Obstacles et barrières

Les femmes doivent surmonter de nombreux obstacles à la migration et s’exposent à un certain nombre de dangers lorsqu’elles partent effectivement. Par exemple, plus de 20 pays n’autorisent pas les femmes à déposer une demande de passeport seules, tandis que d’autres, comme le Myanmar, l’Arabie Saoudite et le Swaziland, restreignent les sorties des femmes. Lorsque les femmes arrivent finalement à émigrer, certains pays d’accueil les excluent des dispositifs normaux de protection des travailleurs. Par exemple, si une femme célibataire migre dans les États du Conseil de coopération du Golfe et tombe enceinte, elle est expulsée.

Selon une étude réalisée récemment dans les États arabes, les conditions de travail abusives souvent associées au travail domestique et au manque de mécanismes de réparation peuvent enfermer les migrantes dans un cercle vicieux de pauvreté et de vulnérabilité au VIH/SIDA. La même étude a révélé que de nombreux pays soumettent les migrants à un test de séropositivité et expulsent les personnes porteuses du VIH. Or les pays d’origine disposent rarement de programmes de réintégration des migrants forcés de rentrer en raison de leur séropositivité.

Les cas les plus atroces surviennent lorsque les promesses d’un travail bien rémunéré à l’étranger attirent les femmes dans des réseaux de trafic d’êtres humains. Les documents de voyage des victimes sont confisqués et celles-ci sont isolées, rendant toute fuite difficile.

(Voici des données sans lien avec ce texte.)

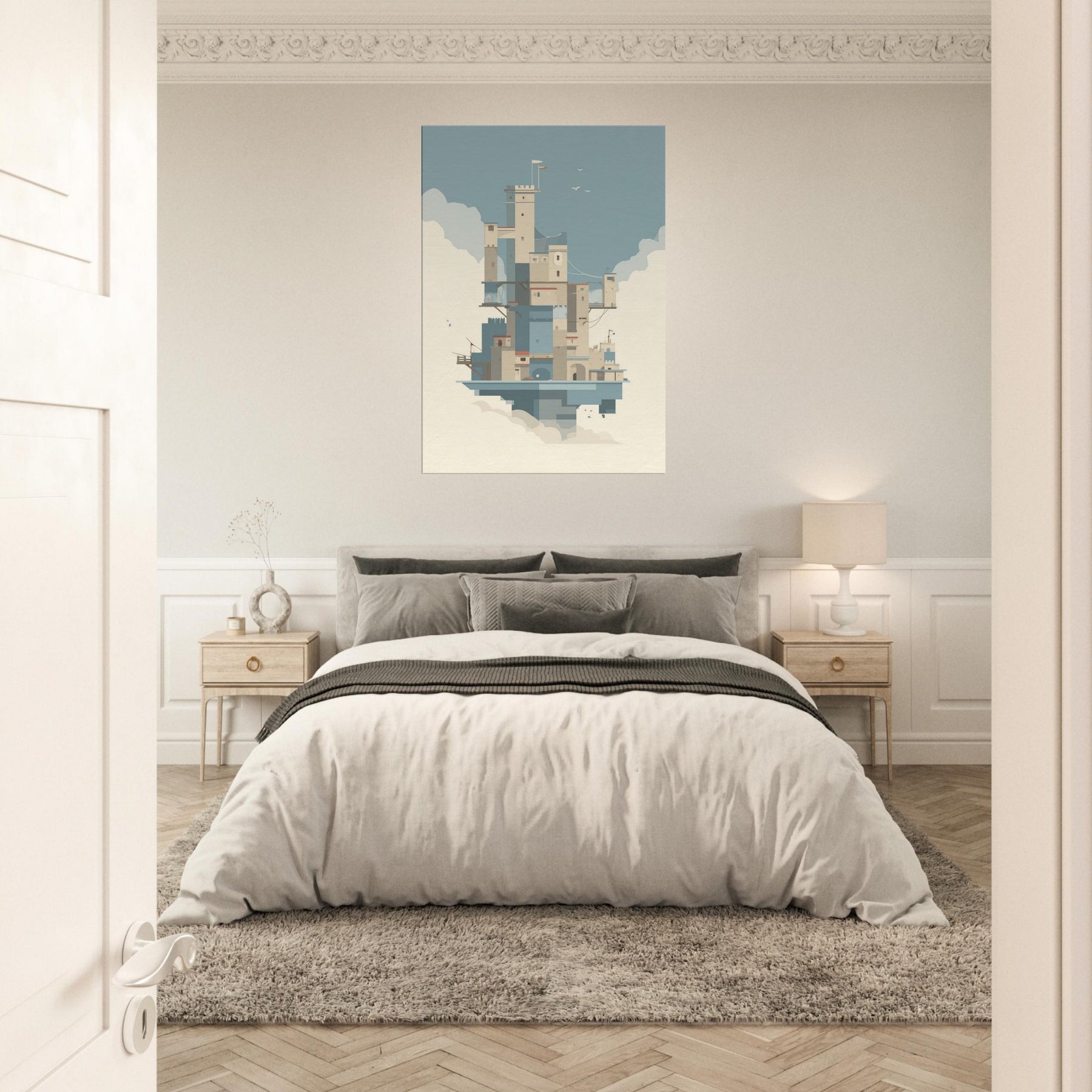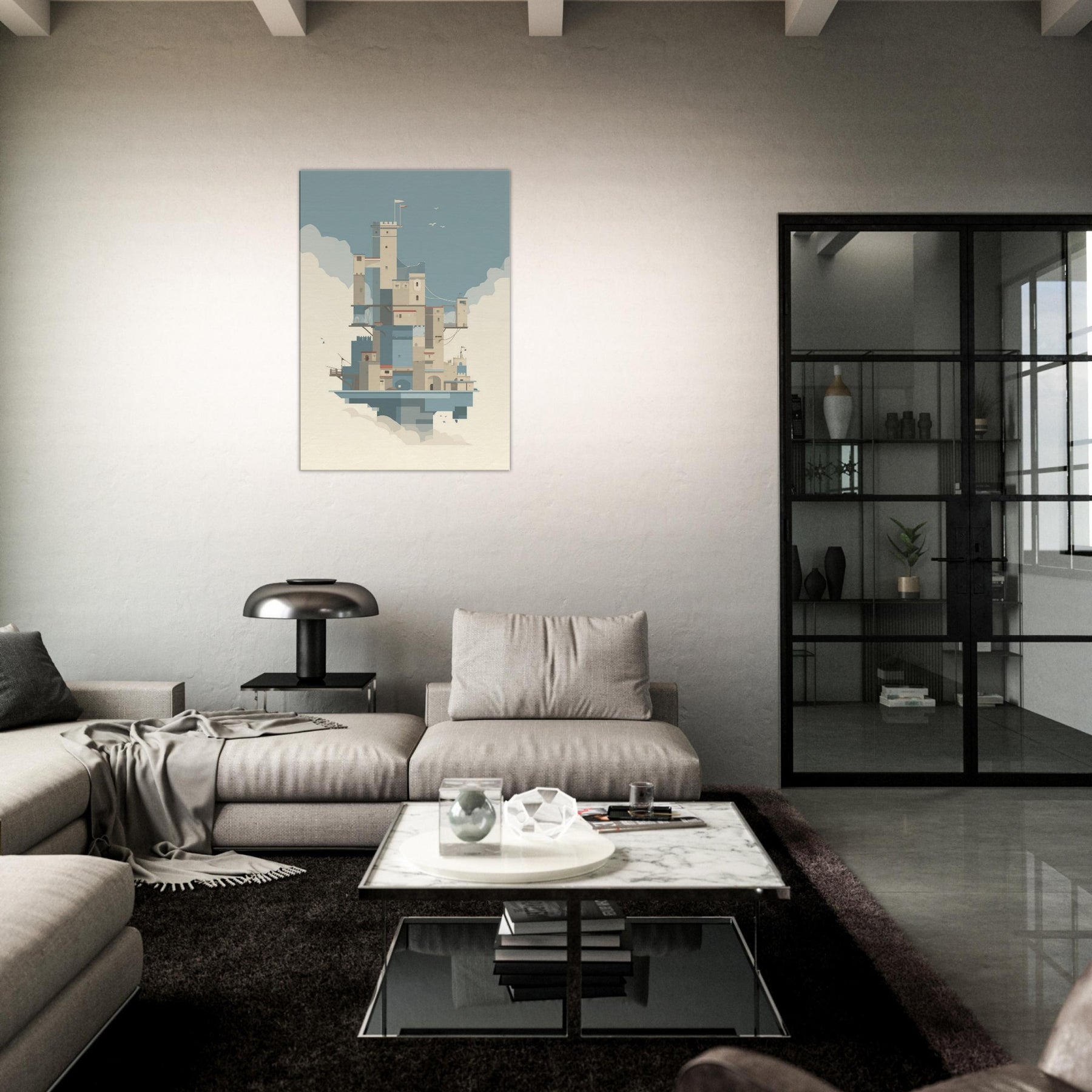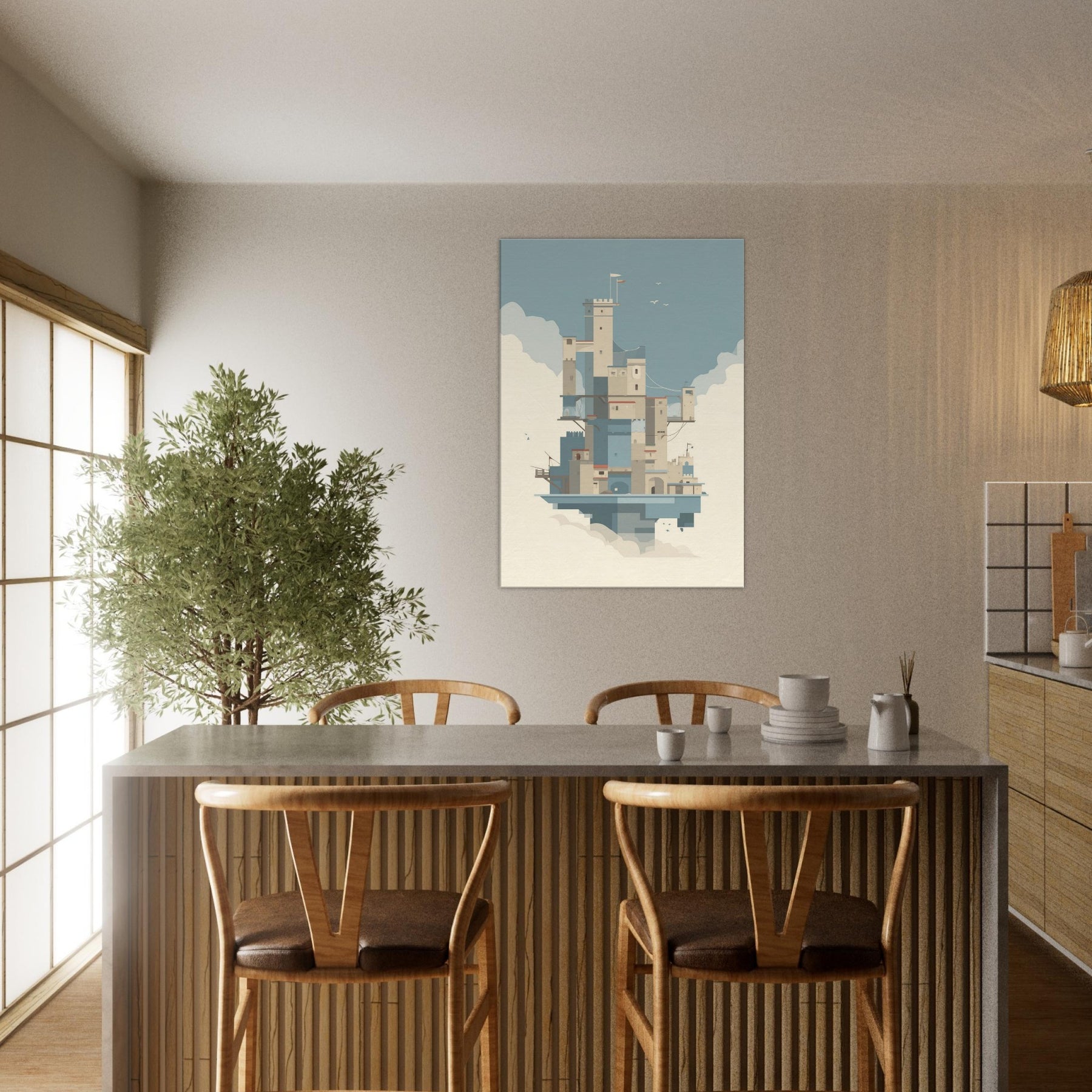 Let your walls breathe with a tranquil reverie as a Floating City rests among pale clouds, each blocky tower tied by pale bridges and whispered wind. This minimalist fantasy evokes quiet wonder rather than grandeur, inviting soft light and calm to your living space. The color palette cream, slate, oat, and sky textures the room with imagined sea breezes and distant bells. Perfect above a sofa or desk, it anchors conversations and offers a daily reminder that imagination can lift the room.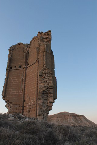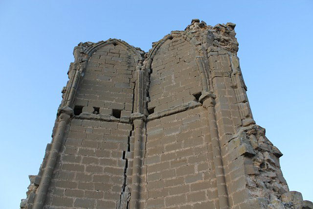 Lo que queda actualmente son dos paños del ábside poligonal, de elevada altura, construidos en piedra sillar arenisca muy bien escuadrada, donde aparecen abundantes marcas de cantero, similares a las de la antigua iglesia de San Salvador de Pallaruelo de Monegros.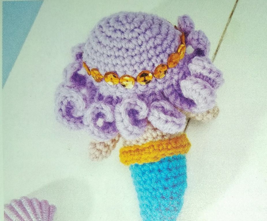 Je suis une grande fan des amigurumis! Une grande dame m’a d’ailleurs offert une pieuvre toute mignonne et rose. Ici nous avons une ravissante sirène toute en douceur. Deux sequins en forme de coquillage cache la poitrine et un bandeau de sequins orne sa chevelure.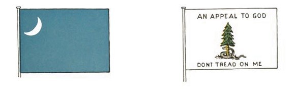 On the 8th day of February, 1776, one of the committee on naval affairs, Mr. Gadsden, who represented South Carolina in the General Congress, presented that body with a flag that was made of yellow silk with a rattlesnake upon it (see Drayton’s American Revolution, Vol. II, page 172; see Fig. 10). No one can tell what became of this flag, yet it was placed in the hall of Congress in a conspicuous place near the seat of John Hancock. Some claim that it was this flag that Paul Jones hoisted on his ship, and others that it was taken South to Fort Moultrie. So therefore we have, as late as April, 1776, a navy of seventeen vessels, proper committees of Congress to look after them, a commander-in-chief, to wit: Esek Hopkins, who was named for that position December 22, 1775; but no national flag had been made nor one even adopted in July, 1776 (see Jay’s letter to the committee), nor in October (see Richard’s letter, dated October 15, 1776), both written months after the date fixed upon in the Ross claim; but the supposition is that, so far as the navy is concerned, it either flew the Grand Union or a flag similar to the Gadsden device, and this is borne out by the records. As to who was the first naval officer to raise the first American flag to the peak of his vessel and capture the first prize, we only have to quote ex-President John Adams, who wrote from Quincy in 1813 to Vice-president Gerry as follows: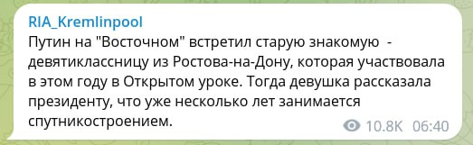 На запитання, чи буде Росія допомагати КНДР будувати супутники, Путін відповів: "Ми тому і приїхали на космодром "Восточный".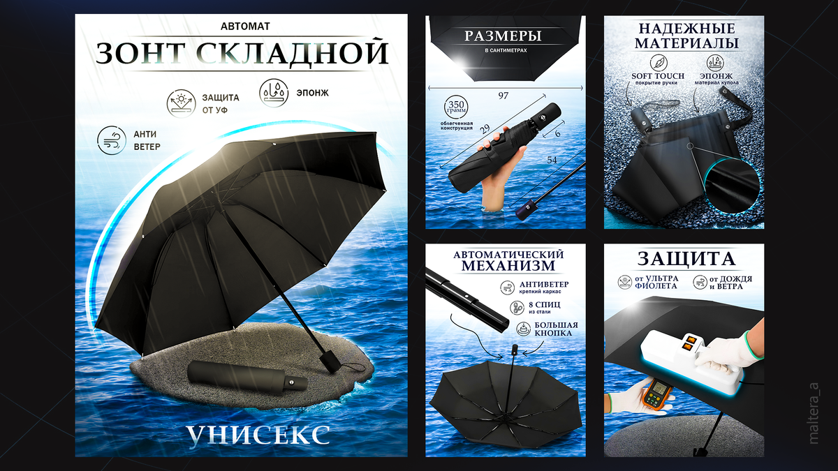 В основе моего решения лежала простая, но мощная идея: товар должен быть представлен в среде своего максимального использования. Однако я пошла дальше — вместо простого отражения реальности, я усилила ее до уровня визуальной метафоры. Это не просто зонт под дождем — это символ защиты, единственное спасение в мире, где все вокруг залито водой.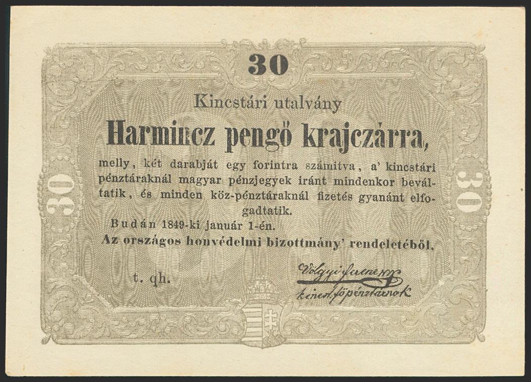 HUNGARY. 30 Pengö. 1849. National Army Deffense Committee. Month in date spelled correctly (január). (Pick: S122). Rare in this quality. About Uncirculated.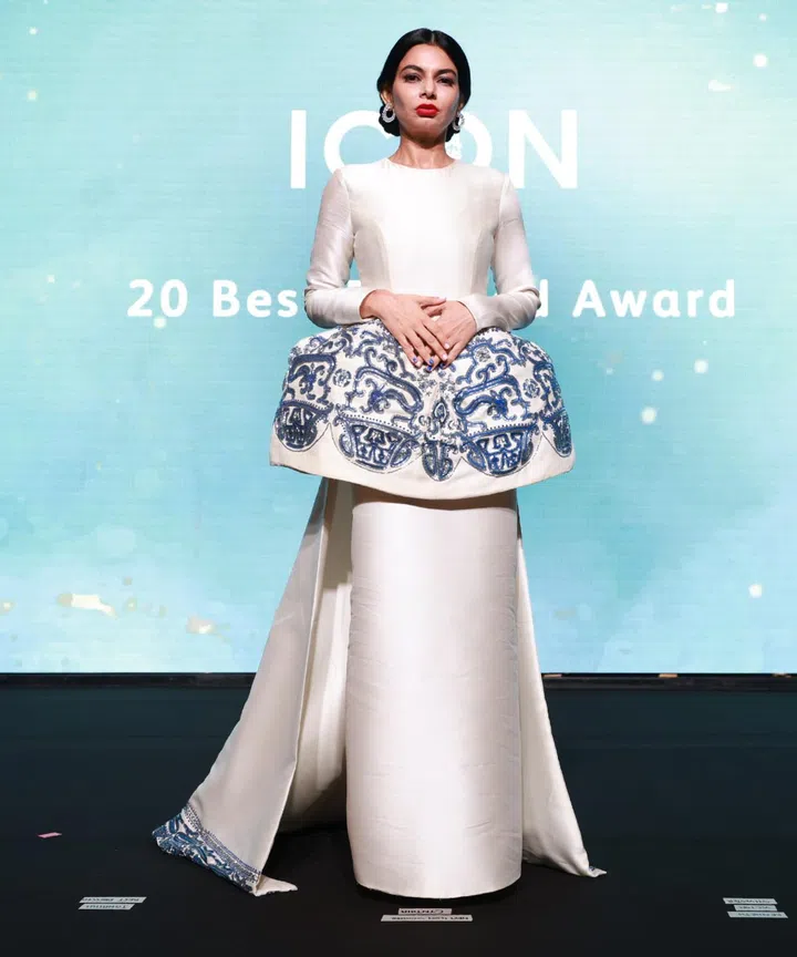 Lawyer Shabnam Arashan exuded the coolness and elegance of a Ming vase with this finely embroidered blue-and-white gown from Tiiya’s Spring/Summer 2021 collection, which is inspired by Chinese pottery. For the uninitiated, Tiiya is Qatar’s first haute couture brand, founded by Qatari royalty and mother-and-daughter design duo Shaikha Alanoud Alattiya and Shaikha Shaikha Al-Thani.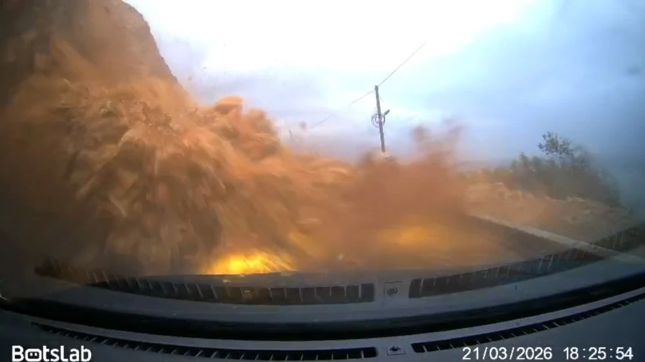 Mersin-Antalya Karayolunun Aydıncık ilçesi sınırları içerisinde meydana gelen heyelan, toprak altında kalan aracın araç kamerasına yansıdı. Görüntülerde, seyir halindeki aracın bir anda dağdan yuvarlanan toprak ve kaya parçalarının altında kaldığı anlar yer aldı.

Elles peuvent finir en état de servitude pour dettes dans des pays dont la langue ou les barrières physiques et sociales les empêchent de demander de l’aide. Avec leur statut de résidente irrégulière, ces migrantes sont souvent peu enclines à se présenter aux autorités car elles risquent des sanctions juridiques ou des poursuites pénales.

L’élargissement à ces femmes des droits de protection qui sont déjà octroyés aux résidents et aux migrants légaux aidera à combattre et à punir de tels délits. Les lois contre le trafic d’êtres humains se sont multipliées ces dernières années et constituent une voie d’approche importante pour protéger les droits des migrants. Pour lutter efficacement contre ce phénomène, on doit sensibiliser les femmes aux dangers du trafic d’êtres humains, leur donner les moyens de demander de l’aide et améliorer leurs opportunités économiques et leur statut dans leur région d’origine.

Le rapport Lever les barrières défend vigoureusement la suppression des obstacles qui accentuent les inégalités et les pratiques professionnelles injustes. Il estime que des réformes qui vont dans ce sens donneraient à tous les migrants de plus grandes opportunités et protections, surtout aux femmes. Le Rapport propose une série de réformes politiques qui insistent sur la protection des droits des migrants et la nécessité de garantir des avantages pour eux comme pour leur communauté d’accueil, afin de faciliter la mobilité à l’intérieur des pays. Le Rapport recommande également d’intégrer la migration dans les stratégies nationales de développement social et économique.